I needed to revise the power board I’m using for driving the pump laser diodes. The current power board is still a little noisy — it doesn’t work at all if you don’t have an EMI filter on the data bus, and it will stop working if you turn the current up too high. Also, since I designed it I changed how the bus interface connector is going to work. Time for another revision!

Moar Features

My original goal was to have boards that were about 4” x 3”. But I just couldn't fit the TEC controller on that size board. It has a lot of parts. It’s the first board I’ve created where the component counts for capacitors numbered in the three digits. The larger board size required larger heat sinks and made the power supply quite a bit bigger.

With this new larger board size my power supply layout takes only a small amount of the area. Spreading it out is a bad idea — this layout needs to stay very compact to help control EMI. I was planning a third board and managed to fit all the other stuff I wanted in the extra space. New features:

  • Power Control - This will take the key switch interlock and controls power to the entire system. A bank of four MOSFETS controls this. I’m also tapping off the voltage drop across the MOSFETSs through Rdson to provide battery current.

  • Battery Charger - This charges the LiPo cells for the laser and also provides via digital IO the battery voltage and charge status.

  • Laser Monitor - There will be a photo diode monitoring a faint reflection of the laser output.

  • Fan Power - A small power supply to power the cooling fan.

  • 3V Power - Main digital 3V power is also supplied here.

Results

The new board came out pretty good:

Revison D of the power board

Besides all the new features, there are a lot of things I improved:

  1. Lots more capacitance. I found a great article in IEEE magazine that hinted I might be seriously lacking input capacitance in the old board. I spent a lot of time and math computing needed capacitance for my power requirements. There’s now almost 1500uF of capacitance.

  2. I tightened up the layout of the power section even more and ran heavier traces to the MOSFET gates. The high current loop area is smaller.

  3. All IO traces are isolated from the board and each other by a ground “moat”. I also changed the layer stackup to be Sigal - GND - GND - Signal / Power to keep ground planes close to all signals.

  4. There are 20Mhz EMI filters on every pin if the IO connector.

This board works much better. I no longer need to use an EMI filter around the IO cable, and I can turn the current up and down as fast as I want and the power supply never shuts down (it used to reset when you did that).

All is not perfect though:

  • I misread the datasheet for the charging IC. It charges fine, but there is a back voltage through its Vin pin that is flowing into the load switch gates and causing the board to stay powered all the time. I fixed this with a bodge wire.

  • I had to replace the EMI filter on the SCK pin with a jumper. It was tainting the signal. SCK runs at 1Mhz and I don’t have any problems with the other signals, so I don’t know why SCK is special.

  • It is a mistake to have digital power here. I should have had one of the IO lines be the full battery power with localized power supplies on each board. There is a noticeable voltage droop on the CPU board because of this, and I needed to add some bulk capacitance to the CPU board because the refresh rate of the OLED display was causing some bad voltage drops. I don’t want to respin the TEC board though so I’ll live with it by boosting the voltage a little.

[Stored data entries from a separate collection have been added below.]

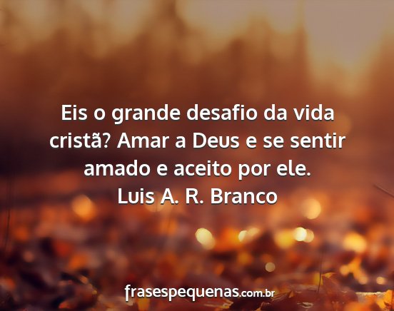 Eis o grande desafio da vida cristã? Amar a Deus e se sentir amado e aceito por ele.Luis A. R. Branco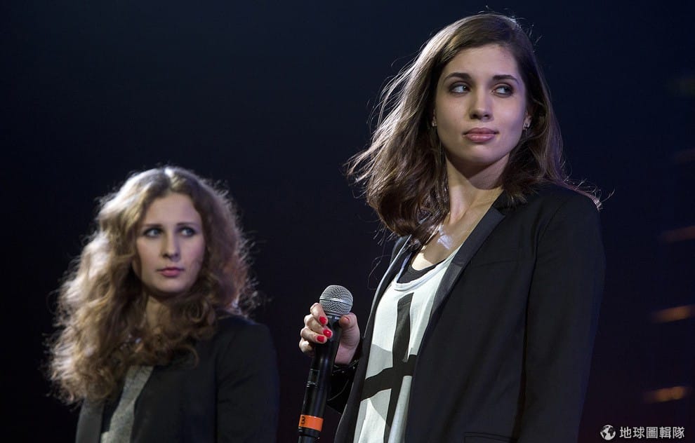 俄國有名的政治活動分子「暴動小貓」成員,阿廖欣娜(Maria Alyokhina,左)和托洛孔尼科娃(Nadezhda Tolokonnikova,右),她們到紐約布魯克林參加國際特赦組織所辦的「讓人權回家演唱會」,兩人在周三的活動上表演,同時也呼籲正在為冬季奧運忙碌的俄國政府,盡快釋放反政府人士。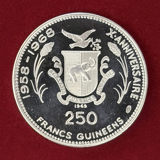 NEW 【ギニア】月面着陸 250フラン 銀貨 プルーフ 1969[B-0000777]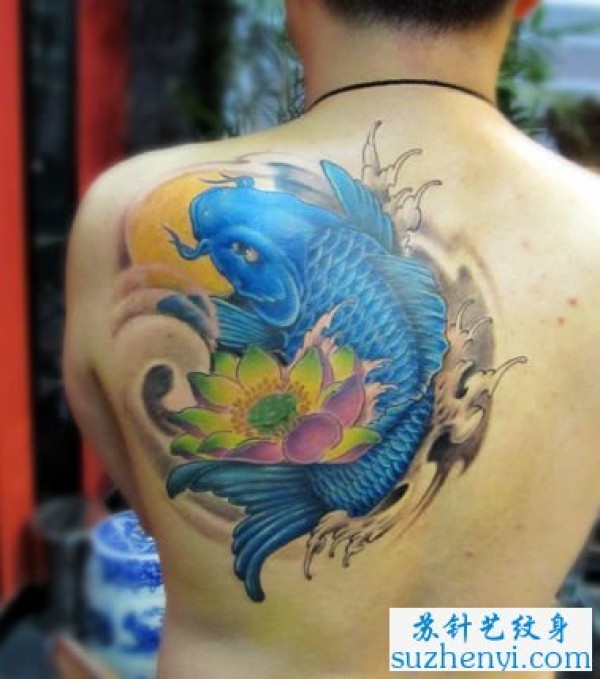 满背鲤鱼莲花纹身图案_鲤鱼纹身图案大全_纹身图吧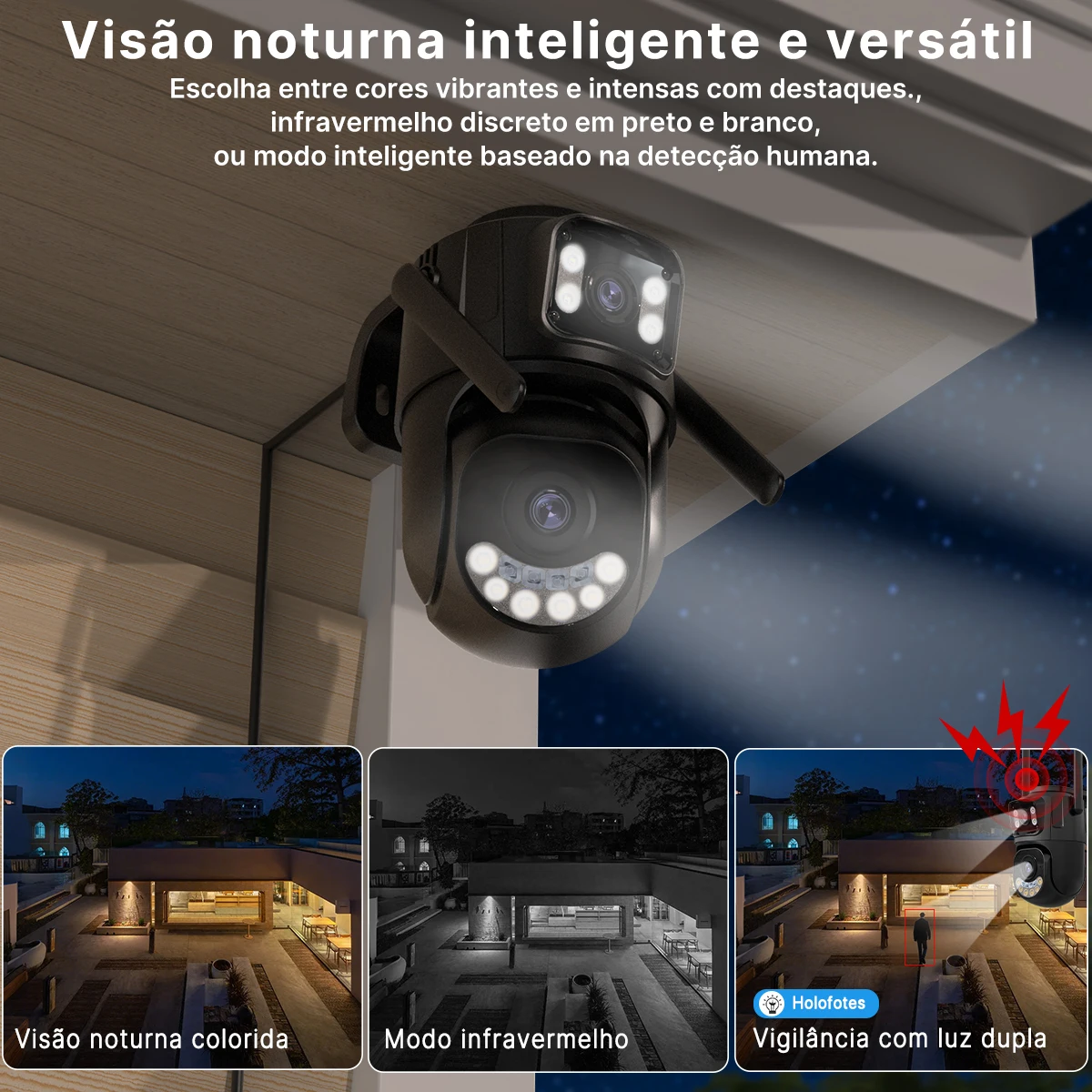 Visión nocturna versátil e inteligente, 3 modos para una vigilancia clara

  • My current monitor doesn’t work. I did the math correctly for how much Op Amp gain I will need for these power MOSFETs, but I made a couple of stupid mistakes: one leg of the differential amplifier flows through another MOSFET and the layout doesn’t use a Kelvin connection to the power MOSFETS.

  • Oh, and I used the entirely wrong OpAmps. Read the data sheet. The ones I used don’t work at the 3v IO voltage. That’s keeping the laser power monitor from working too.

  • All that bulk capacitance? Yeah, that’s causing a huge inrush current.

All of that has hopefully been fixed in the new Revision 5. I solved the inrush current problem (I hope) by running the load switch MOSFETs in their linear region during power up to slow the inrush to about 5 amps.

Assembled Unit

While there are some bugs in this board, it works well enough that I can assemble the whole power supply:

I’m now using this full time and it’s allowed me to go down to a single lab supply (the old boards required three). I can also battery power this but that’s not important yet.